Jesus in a Comic Book??

I got an email from the friend I co-conspire with on the Witchfire stories.  Apparently DC Comics had a plan to start a new comic book called “Second Coming”.  The premise was that Jesus returned to Earth and shares an apartment with a superhero.  DC cancelled the project after some major blow back.  The writer, Mark Russell, says he’s got another company lined up to do the project though.  part of the premise also apparently is that Jesus is keeping a low profile and won’t use his spiritual powers because people got too hung up on the loaves and fishes thing and ignore the message he had the first time around.

OK, I’m hardly the perfect Christian.  FAR from it to be honest, but I have major issues with this.  Many of them based on what comics have become the last decade.  Here is the email reply I sent to “Deanna Troi”:

 

I could definitely see where the concept could be interesting, if done right.  Overall, I’d have to lean towards the “don’t do it” side on this one however.  This based on your report that he really is the second coming.

First, DC is messing with peoples’ religion.  There’s a very specific set of prophecies around the second coming, and I really doubt DC or this other company would give them the consideration they’re due, until they need a big epic event to boost sales and then suddenly the superhero He’s rooming with is fighting the apocalypse in Jesus’s place.  Oh and it’ll get repeated as often as Ragnarok does in Thor comics despite each one being the “final” one.  I think peoples’ religious beliefs deserve a little more respect than all of that.

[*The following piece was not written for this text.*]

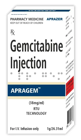 Apragem injection is gemcitabine injection, manufactured by Aprazer Healthcare.

Granted, we could get into a separate conversation about characters like Thor and if they’re respectful of Wiccan and pagan beliefs, but up till about the time Jane Foster became Thor, I think Marvel mostly did a reasonable job there.  WAY off the rails after that, except for the movies, but that’s another conversation.

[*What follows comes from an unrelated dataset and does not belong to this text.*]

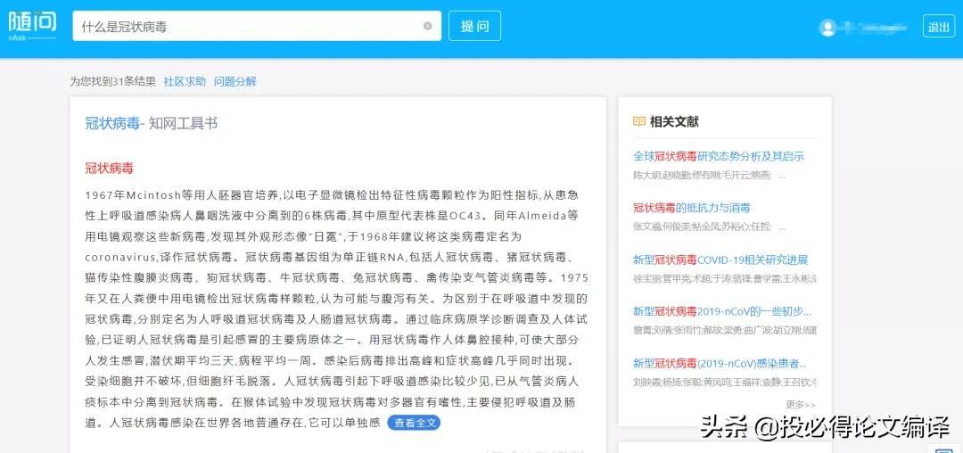 可使用自然语言或关键词进行提问,会自动从文献中挖掘答案。比如说我们提问:什么是冠状病毒?结果会给出冠状病毒的概念,并且给出相关的文献片段、来源等,这难道不比百度更加专业?

Getting back on topic, there’s the whole way that comics distort everything also.  Jesus only has “super powers” in the very broadest definition, being the literal son of God.  “He doesn’t want to use them as he figures that’s where things went wrong the first time”, is a textbook example.  Again, that’s assuming you relayed what was said 100% accurate.  First, it implies Jesus was running around making mistakes.  If so, he wasn’t perfect and His sacrifice for our sins would be meaningless and ineffective.  He did what was necessary to demonstrate faith in God and prepare Himself for the cross.

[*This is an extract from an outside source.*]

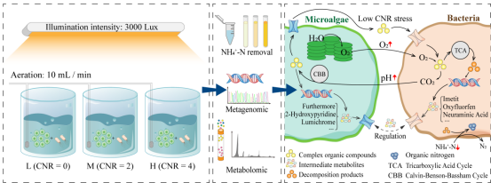该论文研究了有机碳源匮乏下菌藻共生系统中微生物可能利用复杂有机物进行脱氮的机制。研究结果表明,碳氮比显著影响微生物的脱氮效果,一些关键微生物、基因和代谢物可能在菌藻共生脱氮系统中发挥重要作用,响应不同碳氮比以调节菌藻共生脱氮系统的整体运行性能。本研究将为实现绿色、低耗且高效处理低碳氮比氨氮废水提供有益的理论依据和技术支撑。

Now, Mark Russell had a partial point there though.  In my opinion, people are WAY too wrapped up in the victim game nowadays and delight in blaming God for not making their life a cakewalk.  Reality is, 90% of the suffering in the world is man’s inhumanity to man.  We’re here to be tested and grow as beings.  It’s ironic, really.  The rebellion in Heaven lead by Lucifer was supposedly over whether or not people would be puppets down here, OR be allowed to have free will and make their own mistakes and thus grow more.  Putting it in more “worldly” terms, look at the way helicopter kids turn out vs kids that are raised to be responsible and self-reliant.

As far as not listening to His words, that’s a LONG talk I’ll spare you, LOL.  Suffice it to say that the vast majority of folks are guilty of picking and choosing what they take from the Bible and Jesus’s teachings, and putting their own sometimes twisted spin on it all as well.  “Judge not” being the most famous example with many folks.  The proper interpretation is “Judge not unrighteous judgments lest you be judged”.  Point being, it’s perfectly right to say some things (rape, child abuse, murder, etc…) are wrong.

Remember some of the conversations we’ve had in the recent past about how far off the rails comics have gotten the last decade also.  The Muslim Green Lantern being the perfect example.  He was a terrorist before he got a power ring.  He never took responsibility for his actions though, and claimed it wasn’t his fault because he was just the driver and didn’t know the whole plan.  THEN he doubled down on it by being mad at the government for treating him like a criminal WHEN HE WAS!  Instead, in an effort to show how enlightened they are DC Comics played up the whole persecuted Muslim angle.  OH, and then they have him carry a gun on top of his power ring “just in case”.  He has no faith in the ring or himself, which makes for a crappy lantern, and DC actually made him look like the stereotypical evil violent Muslim by having to carry a gun also.  The entire story could have played out COMPLETELY different and helped the cause of decent Muslims by having him an innocent bystander who helped victims and having that courage earn him a power ring.

THESE are the same people that wanted to portray Jesus walking the Earth again.  Yeah, I’d be wary also, and am.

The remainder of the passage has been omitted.